For decades, textiles and apparel have been the driving force in Turkish fashion. If you stroll the back streets of Nisantasi to the Sisli district, you pass Osmanbey, a stretch of wholesalers showcasing apparel labels selling markets from Russia to the Arab world. While many of the industry’s facilities may be based outside Istanbul, Osmanbey’s 700-member OTIAD, or Osmanbey Textile Businessmen’s Association, is a high-profile leader of fashion and textile business executives.

The Osmanbey area is home to some 4,000 large and small outlets, with total trade volume over $10 billion a year. “The role of Osmanbey is very significant to the perspective of Turkey’s textile and apparel industry, which has been growing by 10 to 15 percent every year,” confirmed OTIAD chairman Gaffar Koca.

So it may be no wonder the fashion-conscious W Hotels chose Istanbul for its first European offshoot. Spotlighting Turkish interior decor, the hotel is set in a row of restored Ottoman houses cocooned by high-end boutiques.

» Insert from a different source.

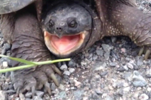 Thật kinh hão khi chứng kiến cảnh này. Nhìn thấy con rùa khổng lồ đi lạc trên đường, một người đàn ông tiến lại gần nó để "làm thân" với một ngọn cỏ trên tay. Thật bất ngờ, con rùa khủng thỏ cổ ngoạm ngay lấy bàn tay đến chảy máu.

A few hundred meters up the hill, in Istanbul’s chic Nisantasi district, trendy Turkish children and their image-conscious moms stand out. Istanbul Fashion Academy abuts the new City’s shopping center, home to Jean Paul Gaultier and Roberto Cavalli, among others.

In nearby narrow streets, top labels like Burberry and Louis Vuitton rub shoulders with outlets by Turkish designers such as Arzu Kaprol, Korcan and Cemil Ipekçi.

Rare as it is in this decidedly Western district, there is even couture for the covered Muslim woman: Rabia Yalçin’s often daring gowns can be worn as is, or accessorized with cunning capes and hats for more modesty.